Vasily Sergeyevich Smirnov (Russian: Василий Сергеевич Смирнов; 12 August 1858 – 17 December 1890) was a Russian painter in the Academic style who specialized in scenes from ancient history.

Biography 
He was born to a family of the Russian nobility. His father served as a chamberlain at the Imperial Court and Marshal of the nobility in the Klinsky District. He apparently decided upon art as a career through the influence of Vasily Perov, a friend of the family. In 1875, he enrolled at the Moscow School of Painting, Sculpture and Architecture. He participated in an exhibition there in 1878, winning a silver medal.

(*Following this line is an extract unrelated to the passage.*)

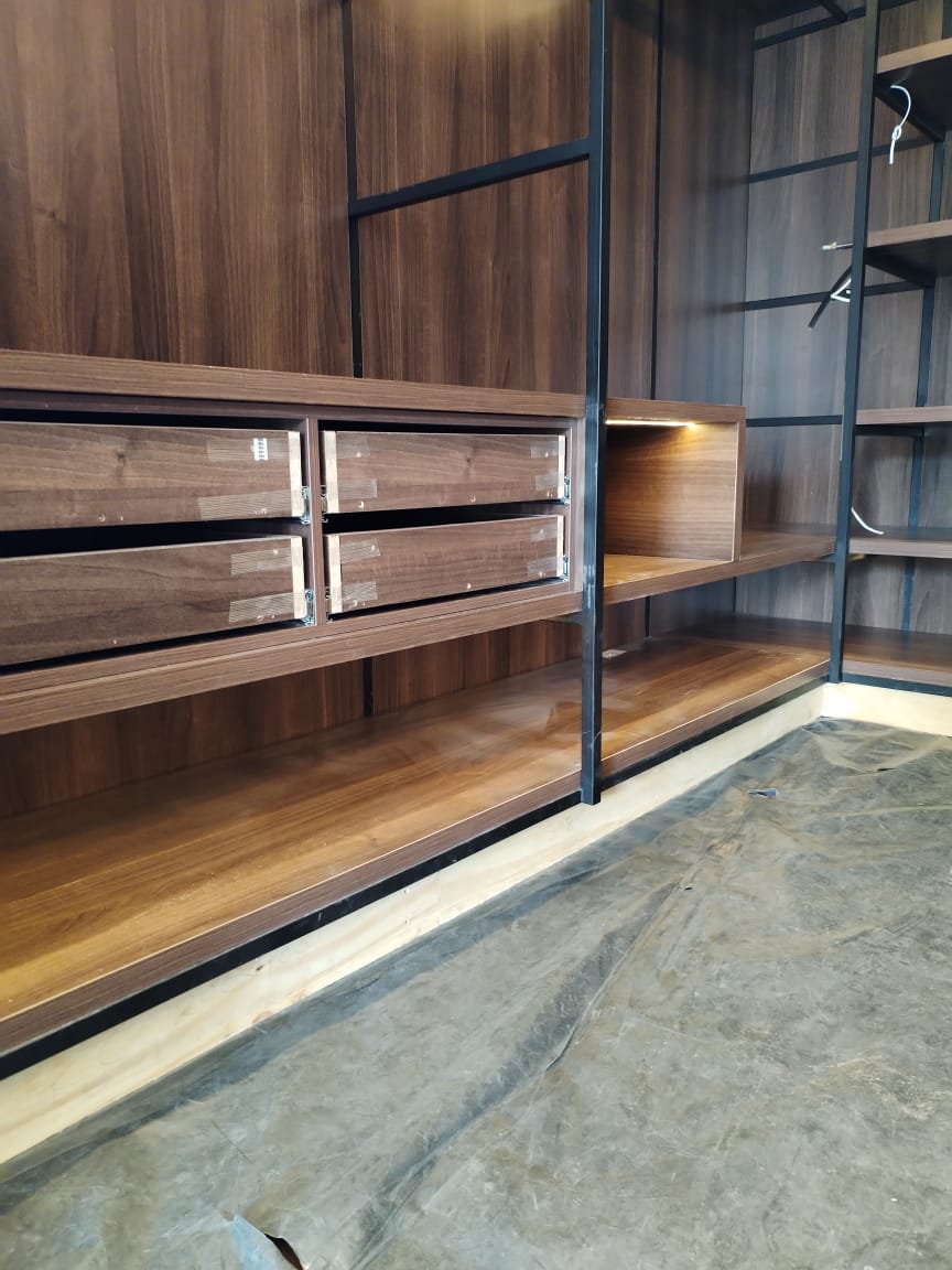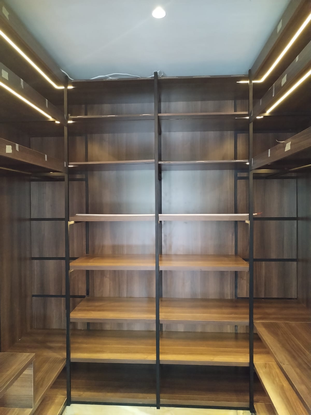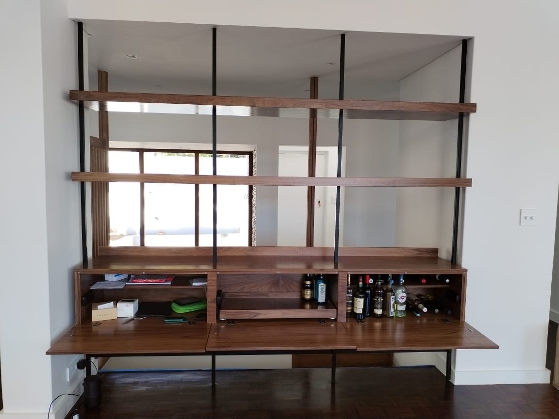 - Two 32mm thick floating shelves made from American walnut melamine.

That same year, he transferred to the Imperial Academy of Arts in Saint Petersburg, where he studied with Pyotr Shamshin and Pavel Chistyakov. In 1882, he was granted leave from the Academy due to "chronic catarrh" of the lungs. The following year, he was awarded the title of "Artist" and a stipend to study abroad.

He went to Italy, via Vienna, and eventually settled in Rome. The summer heat proved too intense, so he moved to Turin, then spent some time in Paris, exhibiting at the Salon. After travelling throughout Northwestern Europe, he returned to Italy, where he lived with , who became a sort of mentor.

In 1885, he made sketches at Pompeii, which was the start of his interest in Classical subjects. The following year, he began work on "The Death of Nero", which took two years to complete. It was sent to Saint Petersburg and, after several showings, was bought by Tsar Alexander III.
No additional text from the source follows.